Research Quality Auditor

Our Mission: At The Cancer & Hematology Centers we are dedicated to help, healing and hope for cancer patients and their families.

We provide our patients with advanced treatments, innovative research and, above all else, compassionate care. Our patients receive the most comprehensive, contemporary cancer care balanced with the compassion of a dedicated nursing and support staff. Treating cancer requires a team of committed and caring health care professionals working together to understand and address your needs. In addition to caring physicians, we have a full range of support staff available to assist you and your family, such as oncology-certified nurses, social workers, experienced lab and pharmacy personnel and a psychologist. Our focus is not just on healing but also on helping and offering hope. We know that being diagnosed with cancer is a life-changing event, and it takes a lot of adjustment to accept the emotional and physical realities of this disease. Our staff understands what you’re going through and can offer compassion and resources to help. To us, it’s important that healing isn't just centered on your disease site. Our cutting-edge cancer care is available close to home. Our medical staff have close ties to prominent hospitals and ongoing cancer research, and we bring those breakthrough advances to our regional centers to progress the level of care that is offered right here at home.

Why Join Us? We are looking for talented and high-motivated individuals who demonstrate a natural desire to support the meaningful work of community oncologists and the patients we serve.

Job Description:

Position Overview:

Under the direct supervision of the Research Quality Systems Manager (The CHC) the Research Quality Auditor will work collaboratively with all roles interacting with clinical trials to proactively ensure compliance with Good Clinical Practice, regulatory requirements, quality standards, and best practices throughout the lifecycle of clinical trials.

This schedule for this role is Monday to Friday working 7:30am to 5:00pm (40 hrs/wk).

Desired/Required Qualifications:

Education:

• Bachelor’s degree or higher

Experience:

• At least 1-2 year experience in a clinical research setting.

• Demonstrated knowledge of current GCP, FDA regulations, ICH guidelines, and clinical trial quality assurance auditing techniques

• Experience with clinical research FDA inspections highly preferred

• Clinical trial quality or auditing experience highly preferred

• Clinical study coordinator or clinical study sponsor experience preferred

• Clinical oncology research preferred.

Primary Duties and Responsibilities

1. Provide expertise on current clinical trial regulations, requirements, and guidance from FDA, ICH, and other relevant regulatory authorities

2. Ensure compliance with all applicable federal, state, and institutional regulations governing research activities

3. Monitor changes in relevant regulations and implement updates to institutional policies and procedures accordingly

4. Guide staff on compliance-related matters and ensure adherence to established protocols

5. Lead a risk-based approach auditing program that ensures readiness for clinical trial audits at all levels: internal auditing, sponsor audits/oversight visits and FDA audits.
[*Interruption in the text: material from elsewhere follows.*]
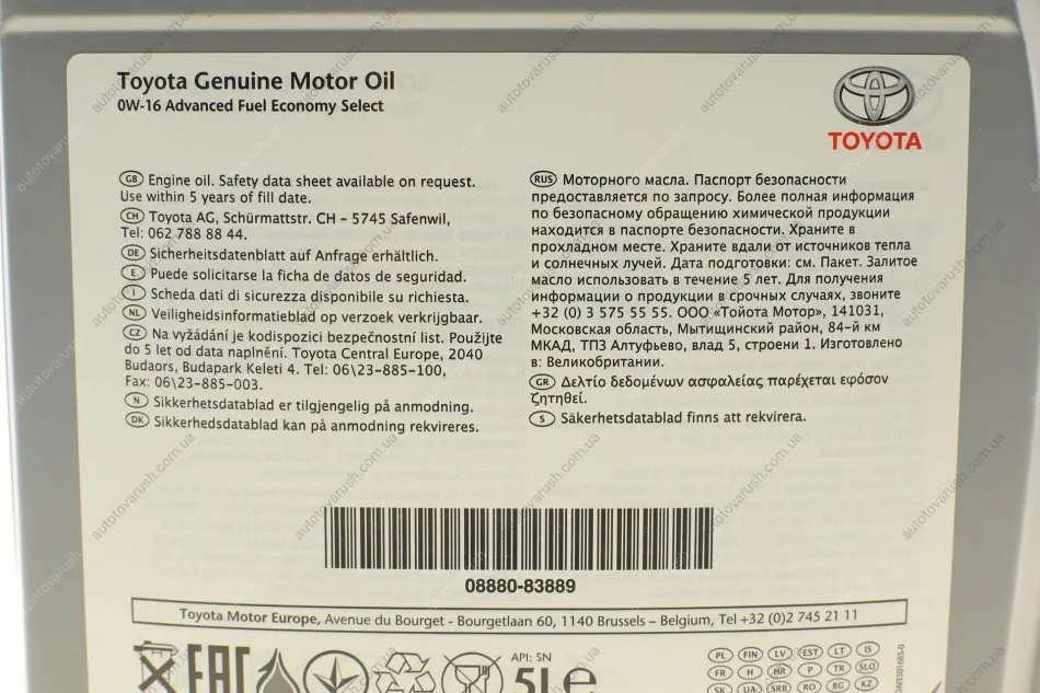 08880-83889 TOYOTA Олива 0W16 Motor Oil (5L) (Advanced Fuel Economy Select)
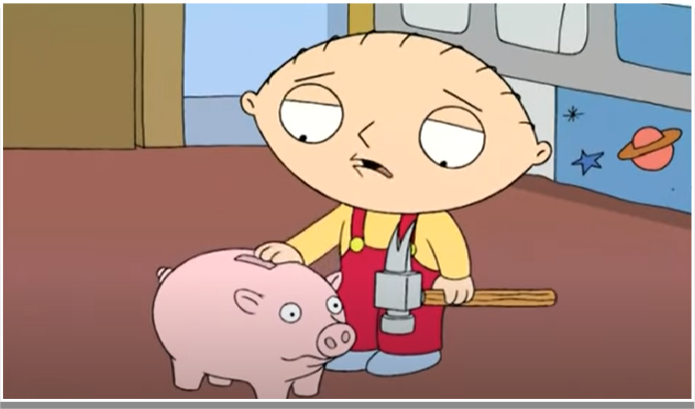Family Guy is an American animate TV series known for its crass humour and absurd storylines. The series focuses on one main character, Peter, along with his wife, three kids, and talking dog named Brian. This scene features a scene between the youngest son Stewie, a baby who can talk, and Brian.

6. Lead support of regulatory inspections, sponsor/CRO audits, and inquiries by attending audits, hosting auditors, preparing documentation and addressing needs and findings

7. Document audit observations and prepare audit reports that detail nonconformities and findings and provide required actions for compliance and draft responses as applicable

8. Conduct routine internal quality assurance inspections to ensure compliance with GCP guidelines, regulatory requirements, site SOPs, and protocols.

9. Assist in the development, implementation, and maintenance of quality management systems to ensure compliance with regulatory requirements, industry standards, and organization policies

10. Track quality assurance findings and required actions through to resolution, including assisting in Corrective and Preventative Action Plan development and process improvement as applicable.

11. Identify potential risks and vulnerabilities in clinical research processes, systems, and procedures.

12. Participate in on-going process improvement activities and support the development of novel solutions for programmatic improvements.

13. Participate in the development and review of SOPs and work instructions to promote consistency and compliance in clinical research operations.

14. Assist in developing training materials and resources to enhance research staff understanding of practical application of regulatory requirements and best practices.

15. Communicate and interact with peers and other departments in a manner that is viewed as having a positive effect on patient services and The CHC staff morale.

16. Perform other duties as assigned, assist with assigned projects.

17. This employee has access to medical records. The parts of the medical record s/he needs to reference to perform his/her job are as follows: Lab Information System, Pharmacy Information System, Entire Chart/Electronic Medical Record (EMR), and internal and external clinical trial systems and portals.

18. Work collaboratively across department roles to review and document protocol deviations, assist with orientation of new team members, review findings and open action items in monitor visit confirmation and follow up letters; analyze these documents for patterns that may necessitate additional staff training.